Graeme Hamilton of the National Post has an extended post looking at how the Mohawks of Kahnawake, outside of Montréal, are taking use of the jursidictional powers available to them to try to prosper. Some of these methods, involving exploiting economic niches, appeal; others, such as bans on intermarriage, are abhorrent to me.

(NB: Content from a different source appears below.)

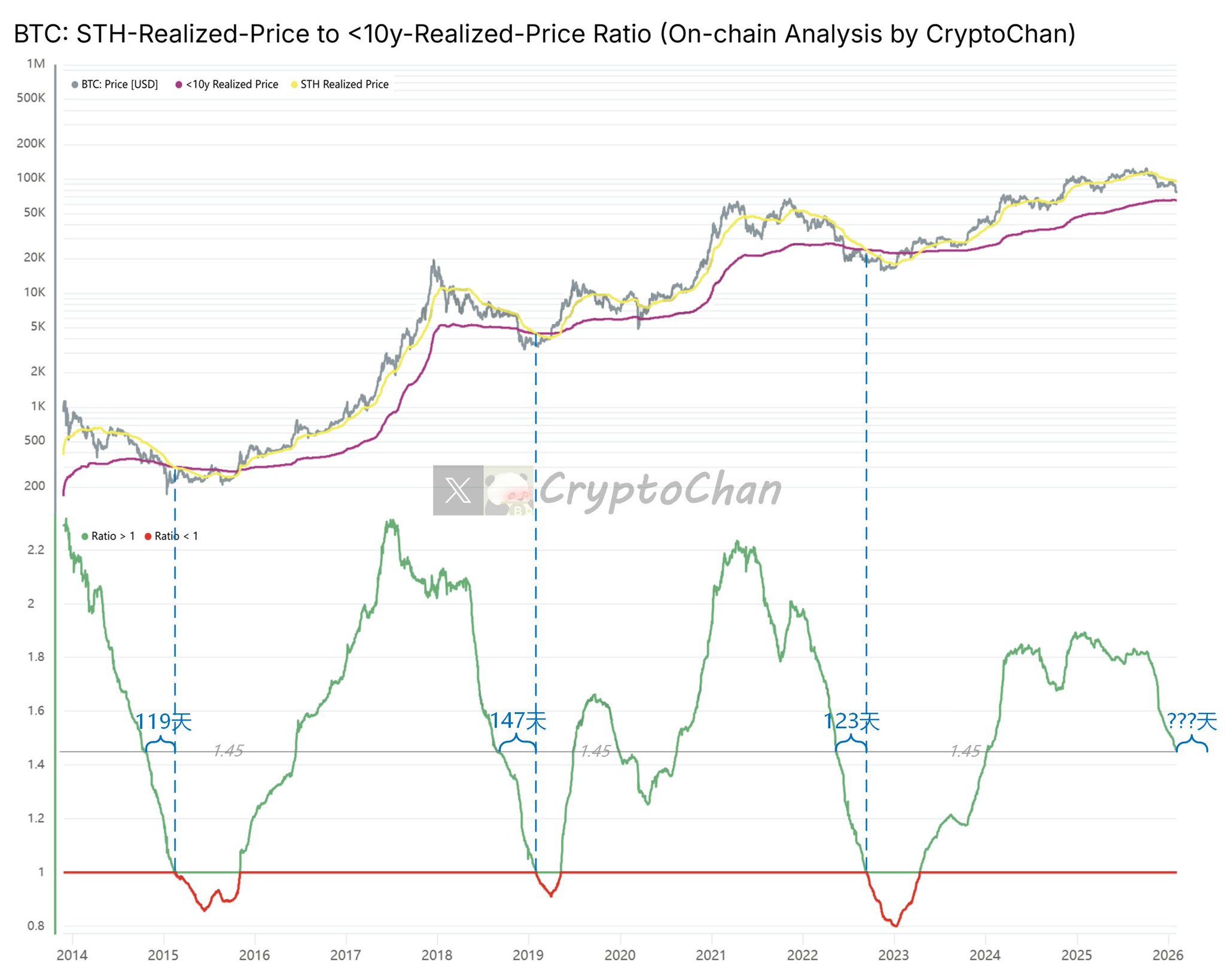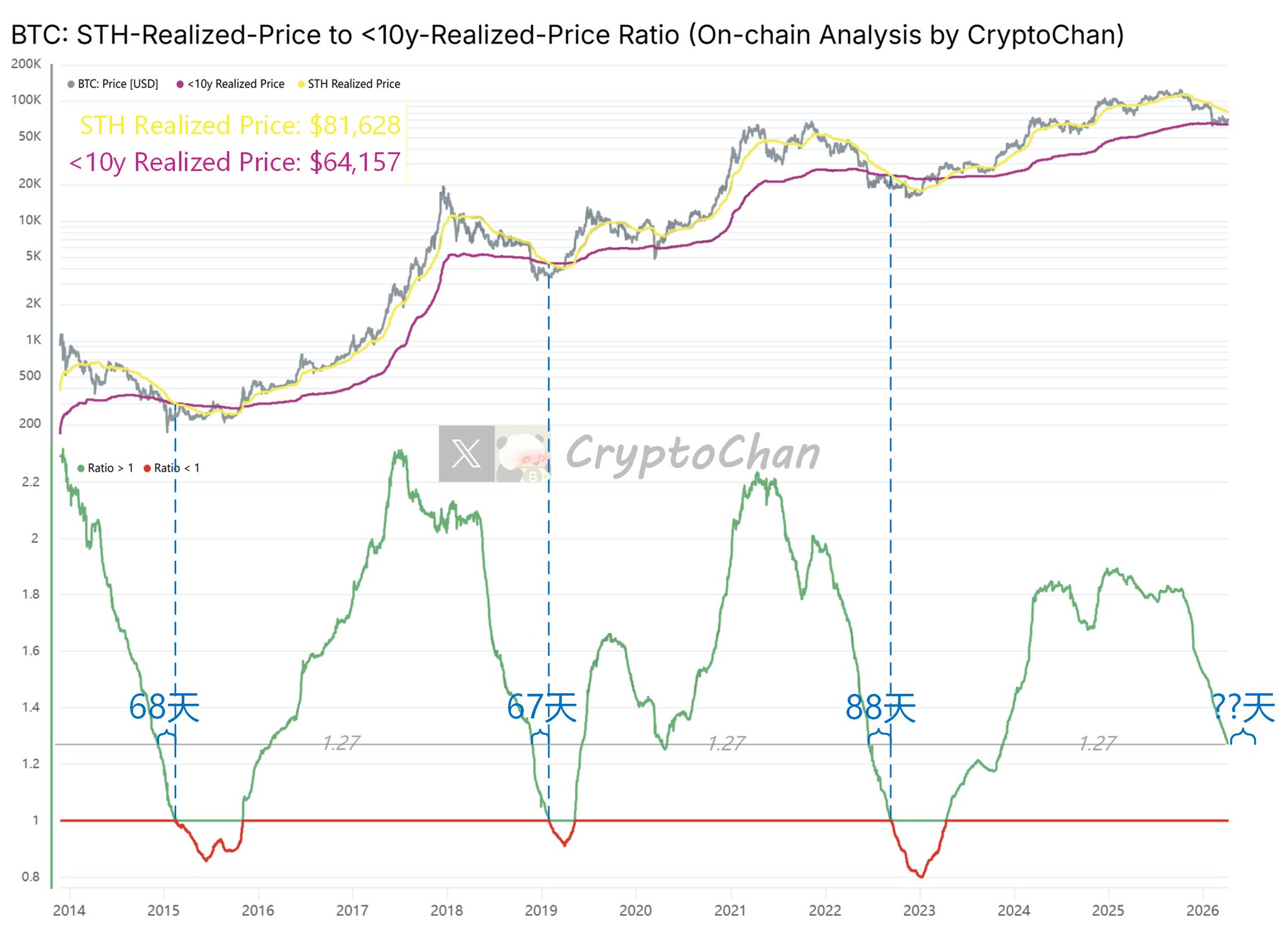 The lower part of the chart shows the ratio of “BTC short‑term holder average cost” to “BTC long‑term holder average cost (excluding >10y chips version)” (i.e., yellow line / magenta line)

Today, Kahnawake in many ways operates as an autonomous jurisdiction. The band council discourages members from voting in provincial or federal elections. Its economy is driven by cigarette and alcohol sales, and gambling operations outside governments deem illegal but have been powerless to stop. Its membership law forces residents to leave the reserve if they marry non-natives — the Canadian Charter of Rights & Freedoms be damned. The community runs its own schools, court and police force. Traditionalists travel the world on passports issued by the Iroquois Confederacy.

Asked whether the Warriors would once again take up arms to defend themselves against an outside intervention, Deer says simply, “We’re prepared for any incursion.’

On a recent weekday morning, five kilometres from the foot of Mercier Bridge, players sat around tables at Playground Poker with chips stacked high in front of them, eyeing their cards in a scene that would fit in Las Vegas.

Under Canadian law, such gambling is legal only in provincially sanctioned casinos, but Playground Poker does not have a lot of time for Canadian law. Run by a Kahnawake Mohawk and operated on Mohawk land, it and a few other poker rooms on the reserve are the most recent examples of Kahnawake flexing its jurisdictional muscle.